В XIX веке воображение людей дразнила уже не гибель Платоновой Атлантиды, а Александровы города. Куда бы ни пришел Александр Македонский, повсюду он основывал города: до сих пор неизвестно, сколько всего набралось этих Александрий. Древний историк Плутарх приводит огромную цифру – 70, другие ограничиваются парой десятков. Сложность состоит и в том, чтобы решить, что считать городом. Разумеется, список открывает гигантская метрополия Александрия Египетская. Но как быть с поселением, размерами едва превышающим укрепленный военный лагерь, – безопасным местом для воинов, которые не могли продолжать поход по старости или из-за тяжелых ранений? В 1831 году все обычно сходились в следующем: во-первых, почти ни одна из Александрий пока не найдена. Во-вторых, находка хотя бы одной перевернула бы мир.

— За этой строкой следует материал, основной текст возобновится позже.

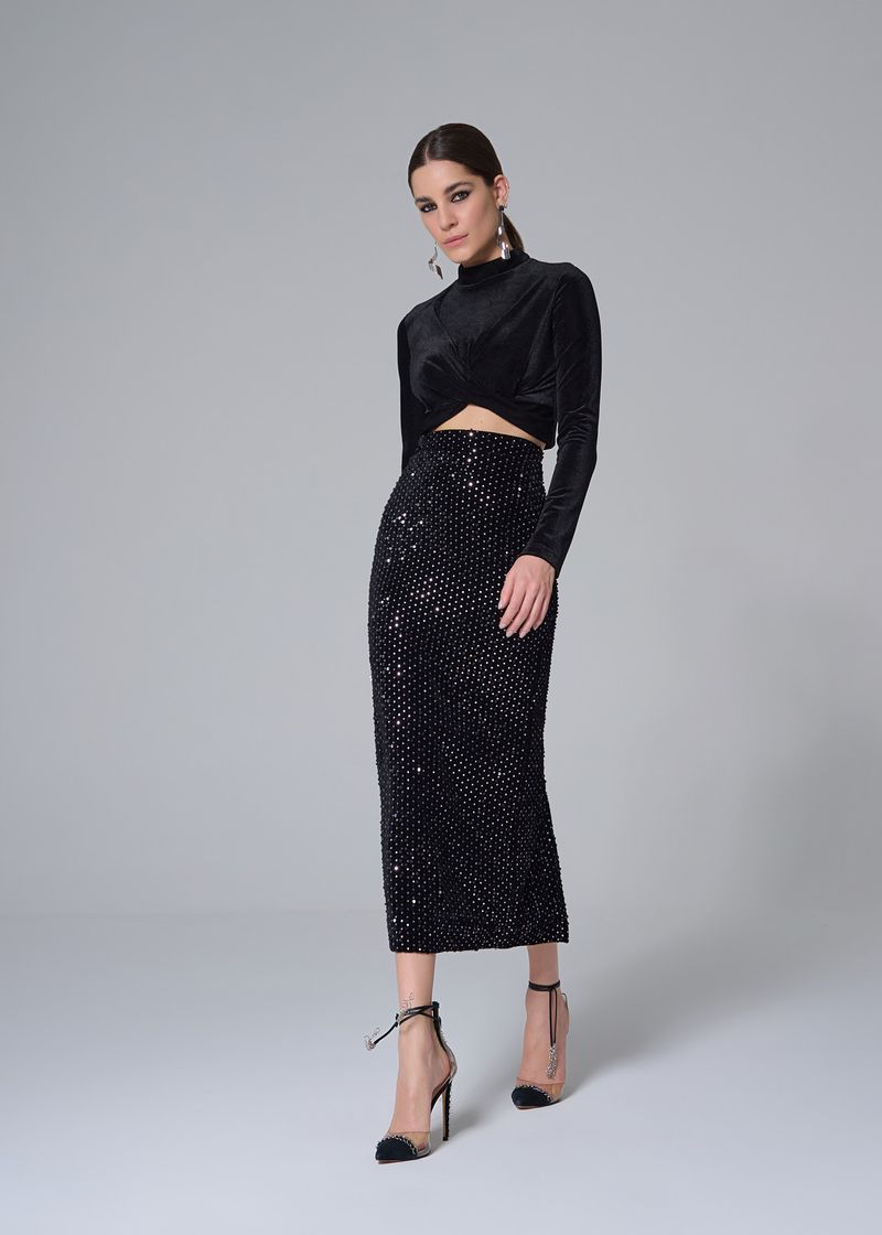 Saia midi reta em veludo sofisticado com bordados de paetês. Esta saia conta com fenda em suas parte traseira, um cós super confortável e fechamento em zíper invisível na parte traseira. Escolha ser deslumbrante, combinando luxo e estilo em suas composições!

Вернувшись в Бушер, Массон забросил свои байки про Санкт-Петербург и Кентукки и стал сплетать для Уилсона совсем другие кружева. Теперь он опирался на свои новые познания и рассказывал, как несколькими годами ранее наткнулся на один из затерянных городов Александра Великого. Александрия Букефалия – самая странная из всех Александрий: названная в честь Буцефала, коня Александра, она была заложена в мае 326 года до н. э. на берегу некой реки в современном Пакистане. Ее координаты остаются загадкой по сей день.

«Я попал в Пенджаб при неблагоприятных обстоятельствах, – объяснял Массон Уилсону, – лишившись всех книг и прочего имущества, а моя память, хотя и содержала главное о незабвенном походе Александра, утратила теперь те подробности, которые были бы полезны при исследовании»[130].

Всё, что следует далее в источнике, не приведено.